4. Herbert JD, Rheingold AA, Gaudiano BA, Myers VH. Standard versus extended cognitive behavior therapy for social anxiety disorder: A randomized-controlled trial. Behavioural and Cognitive Psychotherapy. 2004;32(2):131.
5. Foa EB, McLean CP, Zang Y, Rosenfield D, Yadin E, Yarvis JS, et al. Effect of prolonged exposure therapy delivered over 2 weeks vs 8 weeks vs present-centered therapy on PTSD symptom severity in military personnel: A randomized clinical trial. Jama. 2018;319(4):354-64.

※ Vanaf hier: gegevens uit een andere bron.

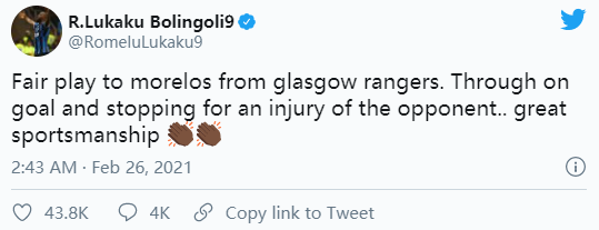 莫洛雷斯的这一举动收获了诸多赞许,主帅杰拉德赛后也对他表示了认可。此外,国米神锋卢卡库的弟弟正效力于安特卫普,观看弟弟比赛时,他也注意到了莫洛雷斯的动人之举:“莫雷洛斯的行为真是公平竞赛的代表,为受伤的对手中断进攻,伟大的体育精神。”

6. Cuijpers P, Huibers M, Ebert DD, Koole SL, Andersson G. How much psychotherapy is needed to treat depression? A metaregression analysis. Journal of affective disorders. 2013;149(1-3):1-13.
7. Bruijniks SJ, Lemmens LH, Hollon SD, Peeters FP, Cuijpers P, Arntz A, et al. The effects of once-versus twice-weekly sessions on psychotherapy outcomes in depressed patients. The British Journal of Psychiatry. 2020;216(4):222-30.
8. Bruijniks SJ, Franx G, Huibers MJ. The implementation and adherence to evidence-based protocols for psychotherapy for depression: the perspective of therapists in Dutch specialized mental healthcare. BMC psychiatry. 2018;18(1):190.